One of the last of Debussy's compositions, the piece is the third of a projected series of six sonatas for various instruments. Tonal and modal concerns intermix in the opening "Allegro vivo," for as is generally the case with Debussy's oeuvre, common-practice harmonic concerns are not at issue. In fact, a measure of Debussy's stylistic consistency relates to the means by which closure is achieved at the levels of phrase, section, movement, and the complete work, for when no overriding harmonic principles can be assumed, other compositional means must be established for effectively rendering goal orientation. In the opening movement of the sonata, the subtly complex rhythmic interplay of the violin and piano--and more specifically, both with and against each other and the prevailing meter--provides an unnerving propulsive force that abates in the final measures without having wholly resolved the many layers of conflict established in these 5 minutes of music.

The partnership between the violin and piano is made out to be more tenuous in the middle-movement "Intermède" than in either the "Allegro vivo," or the "Finale." Utilizing one of his most common tempo indications, Debussy heads the movement with the instruction Fantasque et léger ("whimsical," or "temperamental and light") and this character comes across in all aspects of the movement, not the least of which being its "choppy" flow attributable to irregularity among the short phrases and sub-phrases, numerous tempo and dynamic alterations, various accentual patterns, and the constant if quirky exchanges of leading and following roles in the violin and piano. The movement might best be characterized as "forever getting underway," as the features just mentioned leave one with the impression of many starts and few compelling conclusions: thus the appropriateness of the progressively slower tempo and steady decrescendo in dynamic intensity in advance of the morendo conclusion ("dying away").

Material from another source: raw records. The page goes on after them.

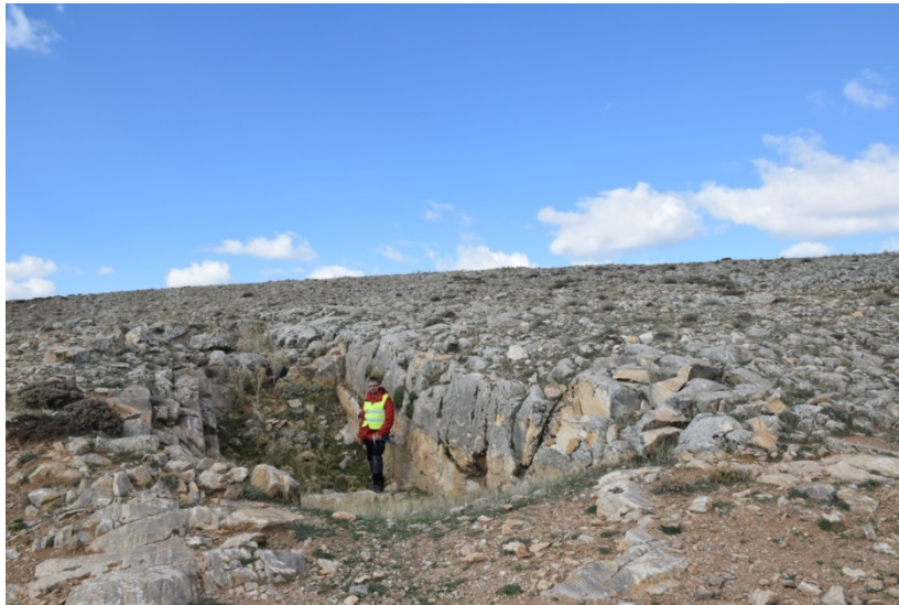
Fig. 1. Antique searching trench.

Starting discussion on this issue, we should consider what problems antique miners encountered during the start of operation and later during its gradual development. The first and fundamental was finding and recognizing rocks having qualities for architecture and construction purposes, in line with the prevailing architectural style. These process was long and multigenerational, limited by lack of good roads and communication. Civilizations such as the Roman and Byzantine benefit from the knowledge and findings of earlier civilizations (Fig. 1).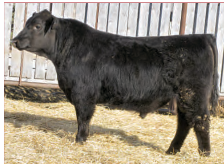
EASTONDALE DURATION 27'11 - LOT 27Y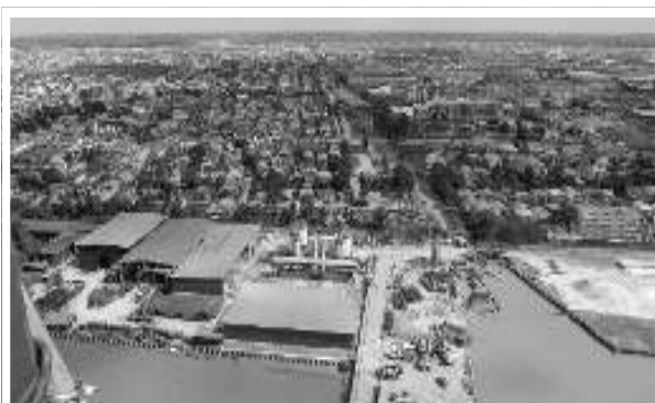
Construction of the new bridge is moving apace

Construction of the New Demerara River Bridge (NDRB) has advanced significantly, with the East Bank site at Peter's Hall now fully cleared for the continuation of works.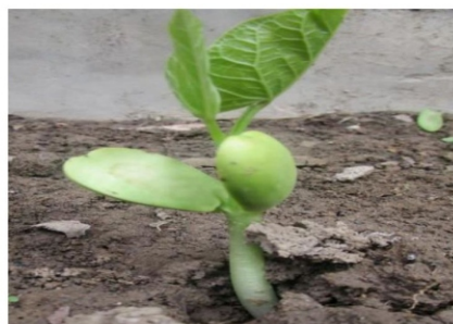
(e) Emergence of leaves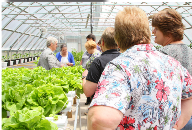
Participants tour the Tucker County High School greenhouse.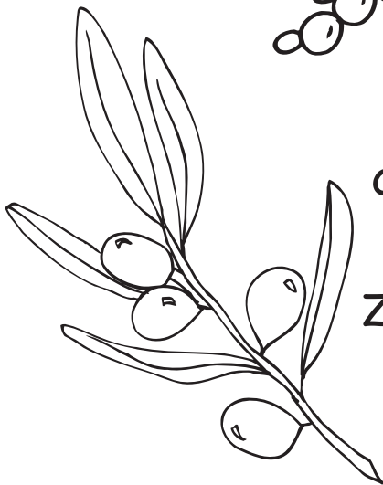
olive זַיִת Zay-it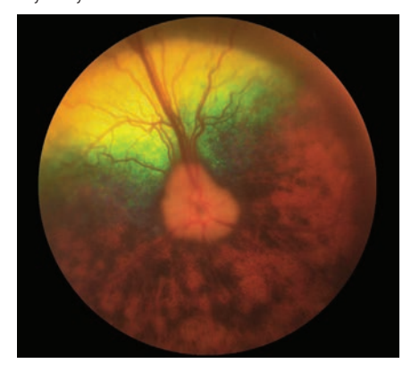
UDS displaying chorioretinitis marked by multifocal depigmentation.

UDS represents an immunemediated disease affecting melanocytic tissue, which likely has a hereditary etiology and which exhibits many similarities to Voqt-Koyanagi-Harada (VKH) disease in humans. Ocular symptoms associated with UDS may include inflammation marked by any combination of anterior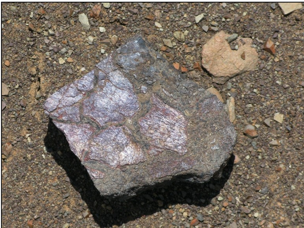
Fig. 6. Close-up of large fossil bone fragment (8 cm long) showing distinctive lilac hue and extensive surface cracking. The latter probably reflects protracted exposure of the bone on a semi-arid flood plain before original burial in Middle Permian times, as well as recent weathering.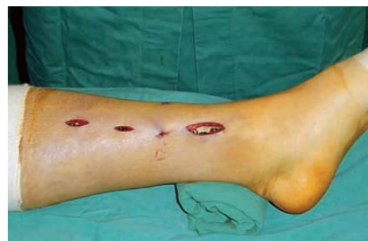
Fig.2: MIPPO technique requires only small incisions.

Group B: Distal tibial locked plate with MIPPO technique: Patients were positioned supine on a radiolucent operative table with elevation of the contralateral iliac crest. A 2-3 cm incision was made along the antero-medial aspect of the tibia distally at the level of the medial malleolus and proximally about 2-3 cm incision proximal to the end of fracture line. A subcutaneous extra periosteal tunnel was created using a Cobb dissector to introduce the plate. Percutaneous closed reduction of the fracture was done by manual manipulation, percutaneous clamps or fixator assisting reduction. The distal screws were then inserted, two screws were usually inserted one over the medial malleolus and one right below the fracture site, the later screw helps in bony reduction, taking advantage of the anatomical configuration of the plate. With preservation of reduction, proximal screws were taken through small incisions, then the remaining distal screws. (Fig. 2). Care must be taken during closure of subcutaneous tissue to cover the plate properly, and skin not to be under tension.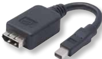
MiniDP to DP adapter (sold separately)

Important: When using mini DisplayPort-to-singlelink DVI adapters, quad output is divided into two pairs (displays 1 and 2, and displays 3 and 4). The displays used in each pair must be identical (with the same manufacturer and model number) and must be identically configured (with the same resolution). The pairs do not have to be identical to each other, however.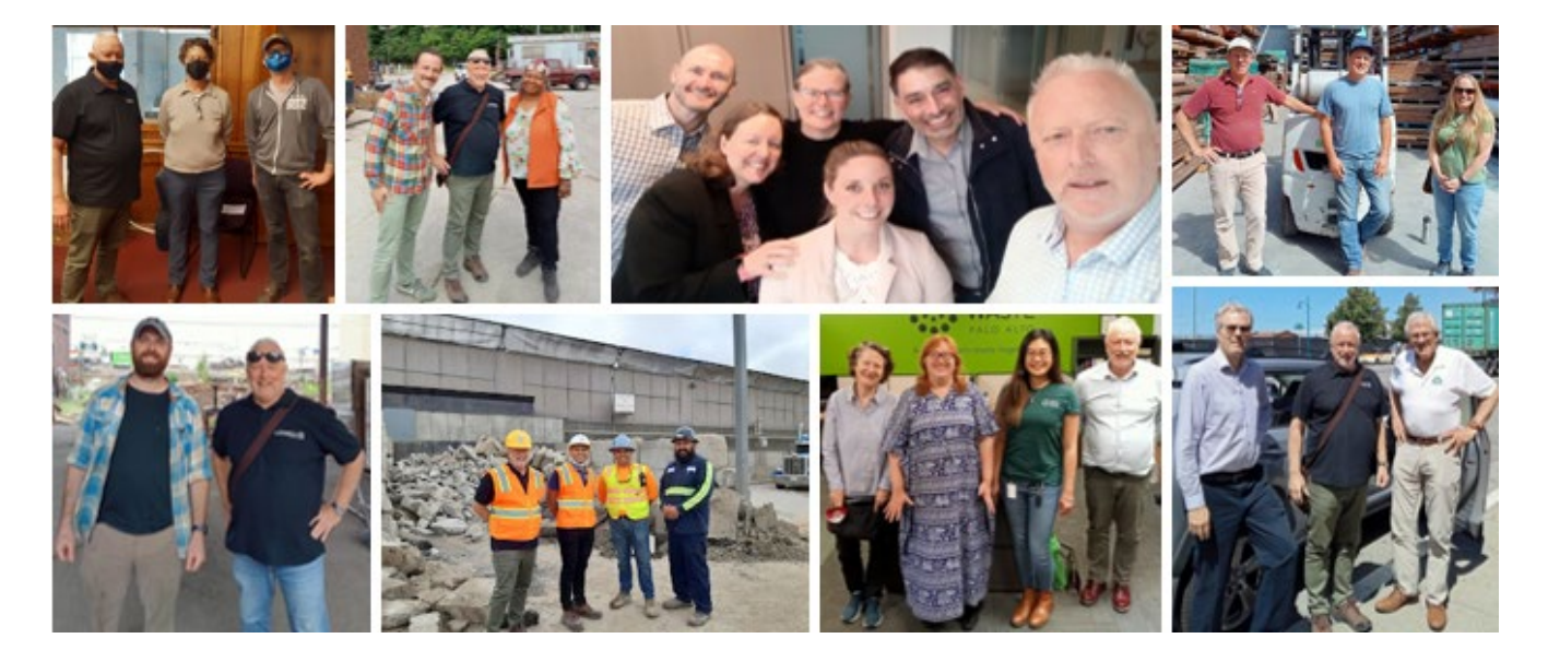
Figure 16 A selection of amazing people doing great work to tackle construction and demolition waste.

This personal investment is also present in the local and central government officers I met. Developing policy, gaining political interest, and implementing initiatives in any aspect of waste minimisation takes a long-term perspective, and again, I saw a lot of investment in the cause from people working on this.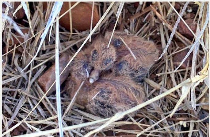
Baby bush pigeons, North West Rock Landform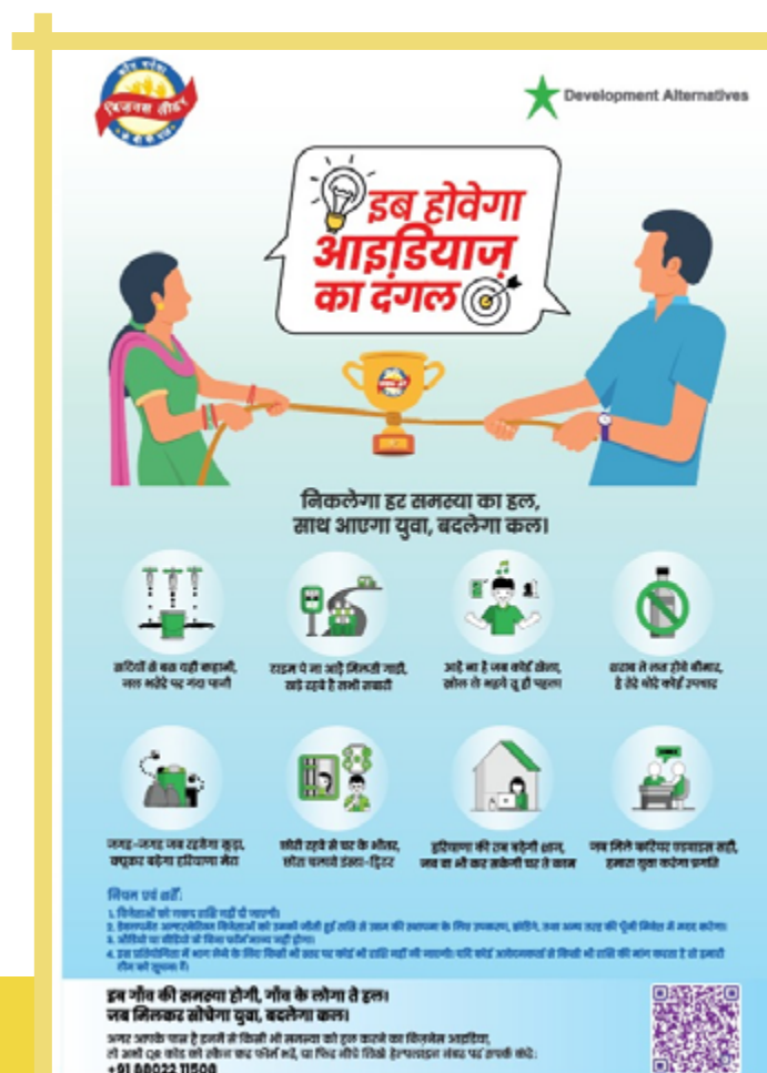
Poster of grassroots innovation challenge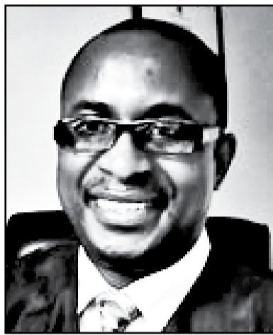
Senator Obert Gutu

Whilst during the day Zanu PF functionaries talk of national healing and nation building, they Nicodemously spread messages of hate and intolerance. They preach the "gospel" of violence and thuggery. They will talk of so-called "sanctions" until their voices are hoarse.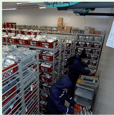
Packing in the -20°C storage rooms of CGN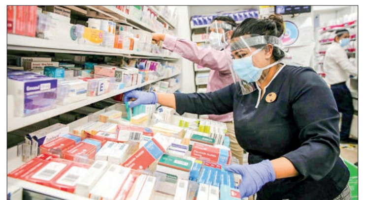
A local pharmacy in UK.

The government was working with manufacturers and wholesalers to speed up supplies, he added.—AFP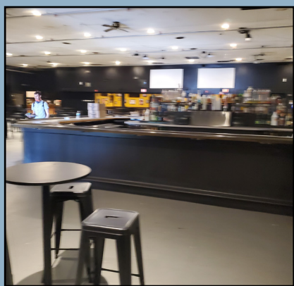
Site Survey Photo - performed three weeks after the initial call and two weeks after the signed contract.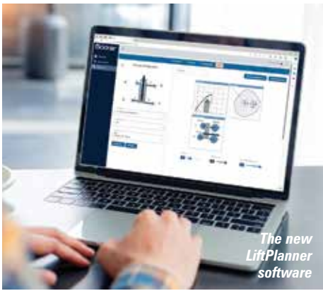
The new LiftPlanner software

expected ground pressure for each outrigger. Simulation results can be saved for each project and exported as a PDF which includes all planned parameters and can also be used for authorisation.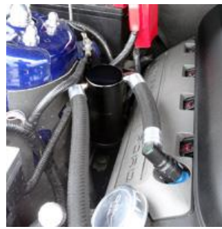
Install the short hose on the inlet side of catch can and then snap it onto the valve cover fitting. The long hose goes to the outlet side of the catch can and connects to the intake.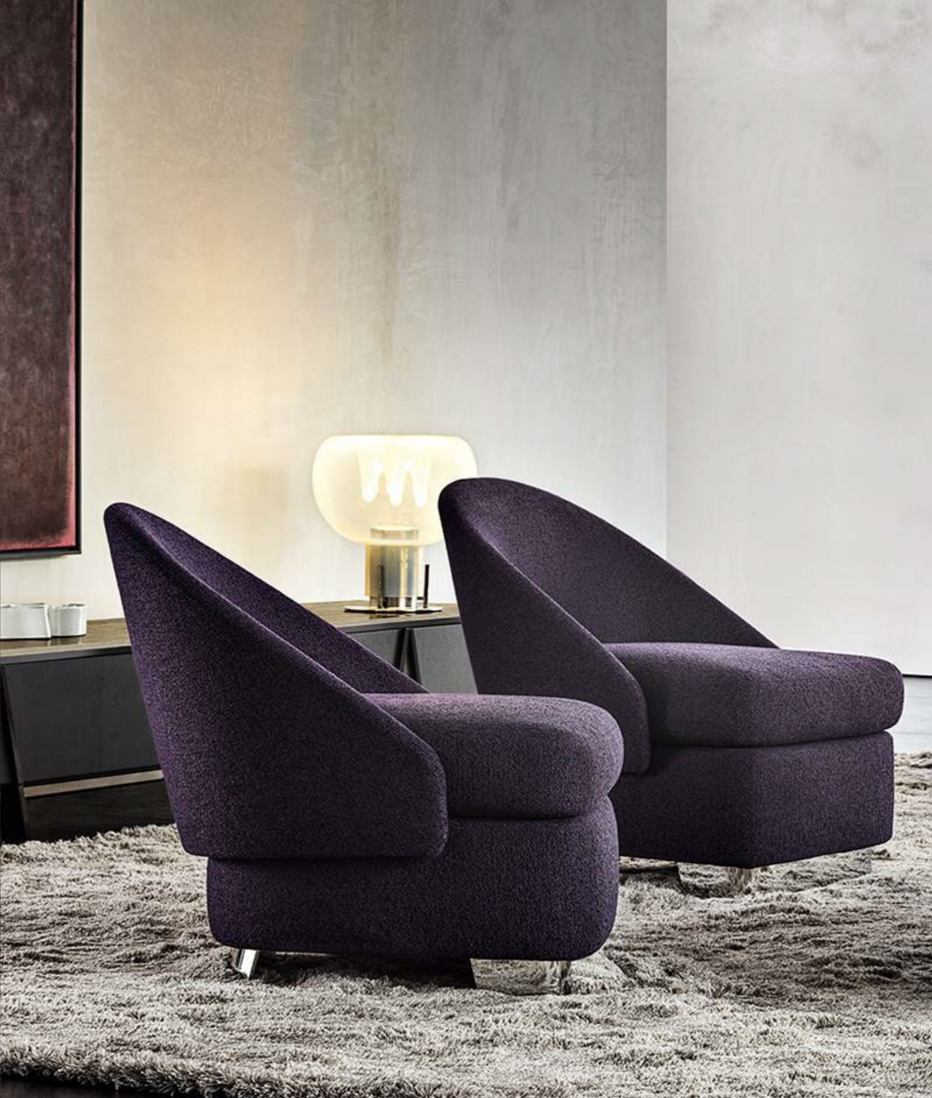
Lawson elements, lounge armchair, size (cm): 72x78 H74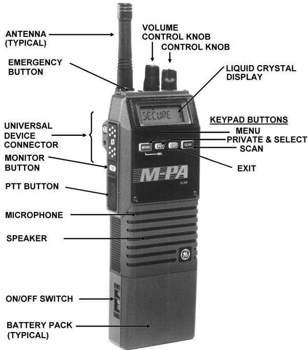
Figure 1 - M-PA Scan Model Radio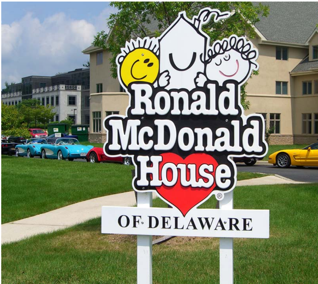
Ronald McDonald House Toy Drive

The official newsletter of the Corvette Club of Northern Delaware September 2009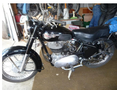
1954 Bullet 500

Sadly, still no news on the two stolen Royal Enfields from Cambridge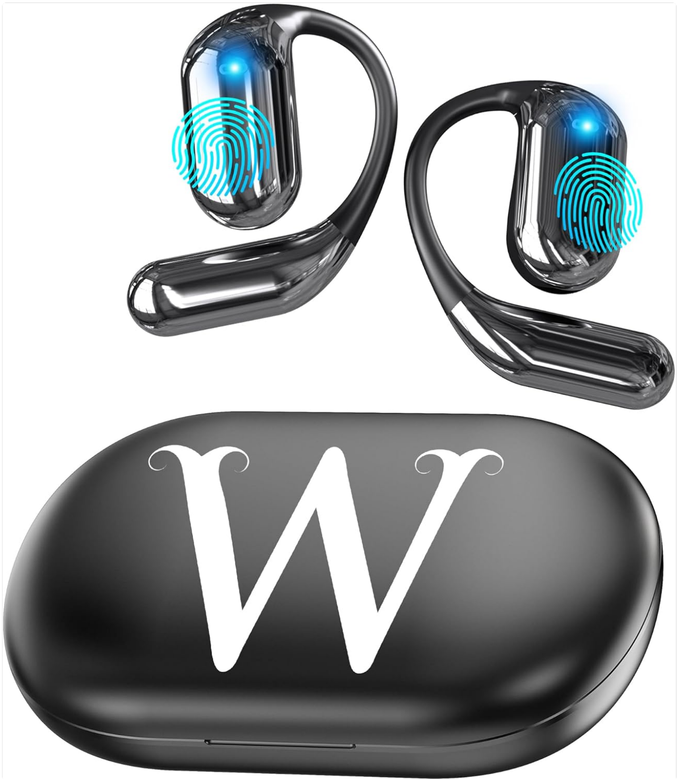
The Srotek Language Translator Earbuds and their charging case, featuring a personalized initial on the case.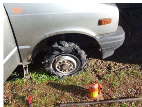
Front tyre on little rig - 80 kms east of Perth somewhat “buggered” - Needed to replace the other front tyre also during trip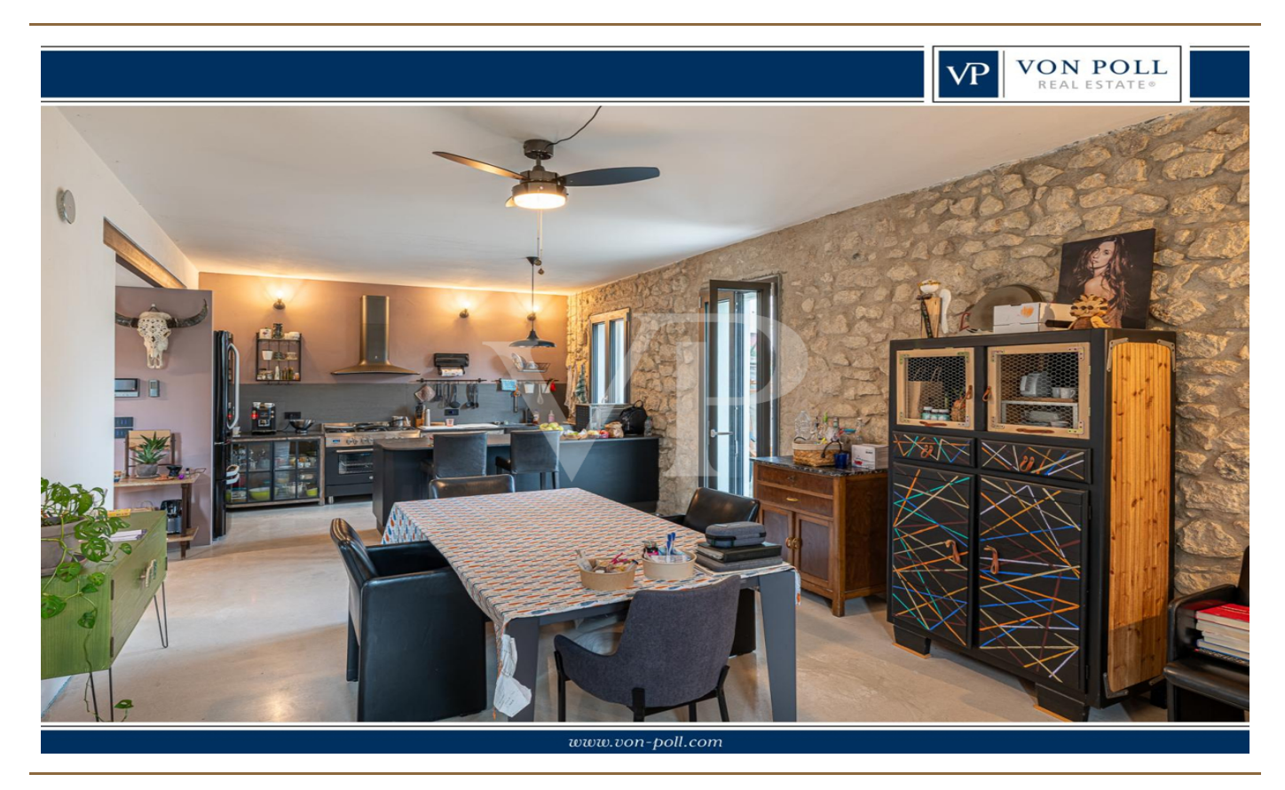
PURCHASE PRICE: 375.000 EUR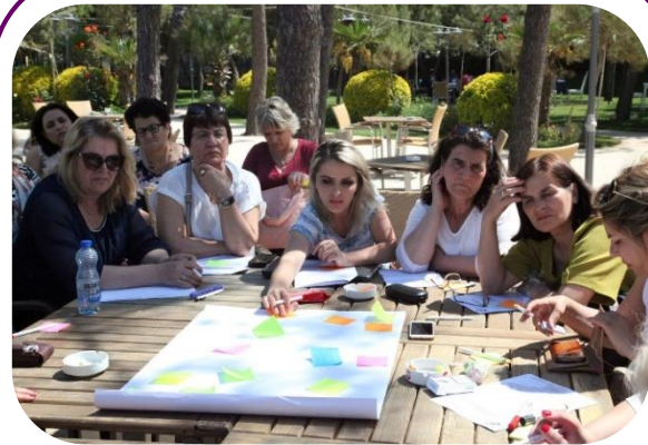
KWN members strategize and draft the new KWN Strategy for 2019-2022 in Dures.

In the beginning of 2018, KWN started planning and elaborating the new KWN Strategy for 2019-2022 through a two-day meeting with its members in April. After collecting information and input from members to supplement the Strategy, KWN held its second meeting in November, where along with its members and associates it finalized the Strategy. It was adopted at the annual Assembly of Members on December 15 in Prishtina.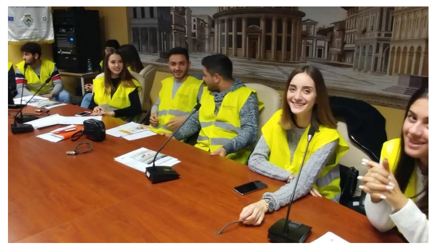
After a brief introduction of our school offer

Success in own's school orienteering usually requires a balance of curricula-specific knowledge and skills related to interpersonal relationships. Our institute decided to entrust students with this task. Teachers acted only as facilitators, so our students improved their soft skills both with the members of the management team and with younger students by trying to persuade them to attend our Institute.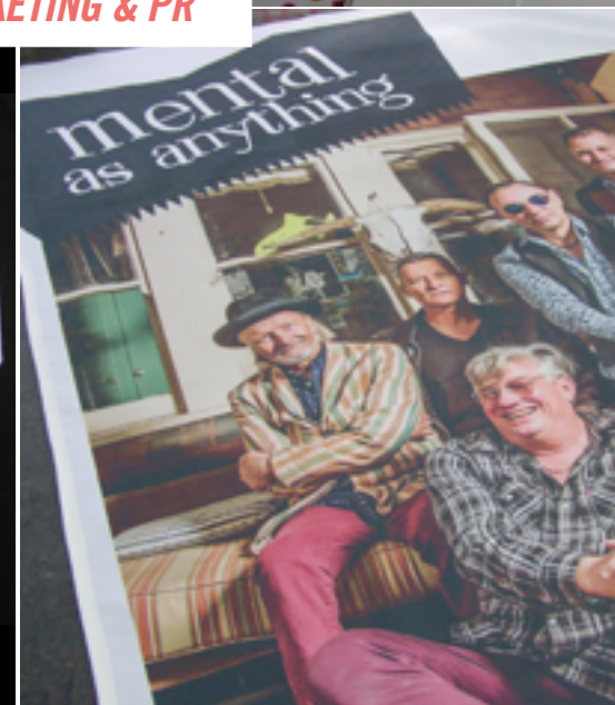
MENTAL AS ANYTHING / PETERSHAM BOWLO Digital Banners & one colour T-shirt merch range

Our customers are usually design driven. Many are Designers or PR companies who work with multiple brands ... ...there are too many to show here and many are private, what we like is they know, drive and thrive on design. Feel free to share this brochure with friends / click anywhere to jump to our website!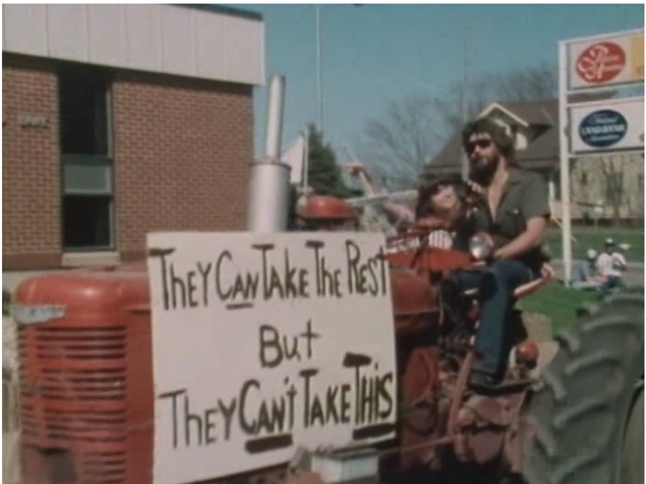
A scene from the Oscar-winning documentary "Down and Out in America," narrated and directed by Lee Grant.

“20 th Century Woman: The Documentary Films of Lee Grant,” presented online via the Coolidge Corner Theatre website

As is true in each of the earlier Cello Sonata (1915) and the Sonata for Flute, Viola, and Harp (1916), the Violin Sonata is a three-movement work exhibiting cyclic qualities, for material of the opening recurs in subsequent movements. The initial violin gesture in the "Finale"--entering in m. 9 only after the piano has established a triple meter--revisits the principal motive from the first movement of the sonata, and sets up a more notable rhythmic conflict with the piano than is the case at the outset of the piece. It is important to note that on its return subtle changes in the motive extend to a level beyond the pronounced rhythmic hemiola, for a slight tonal deflection occurring toward the end of the motive proves to be the propulsive force initiating the extended first section in this peculiar ABA structure. The B section is stylistically cross-referential to a portion of the "Intermede," and thus at one level the "Finale" is a microcosmic projection of events that occur over the complete sonata. And in a reversal of what transpires in the middle movement, the concluding A section of the "Finale" continues to intensify in terms of energy level via increases in tempo, dynamic, and other musical parameters, until the multiple-stopped chords in the violin and the six-octave span between the piano's right- and left-hand gestures are left as the only means of dissipating the tres anime romp of the concluding moments of the composition. (Greg Marion)

Claude Debussy (1862 - 1918). Arguably the most renown of all French composers, Debussy is also one of the most enigmatic. Having been born into a time of great social, political, and economical change, Debussy's music is a mirror for the cultural climate of fin-de-siecle France. Among his best known works are the celebrated Prélude à l'après midi d'un faune (1894), and his single completed opera--there were several aborted attempts at others--Pelléas et Mélisande (1902). To the present all too often regarded as an Impressionist, Debussy's compositional approach was influenced by his avid concern for any number of literary and artistic movements of his day, including Baudelaire's, Mallarmè's and Poe's versions of symbolism.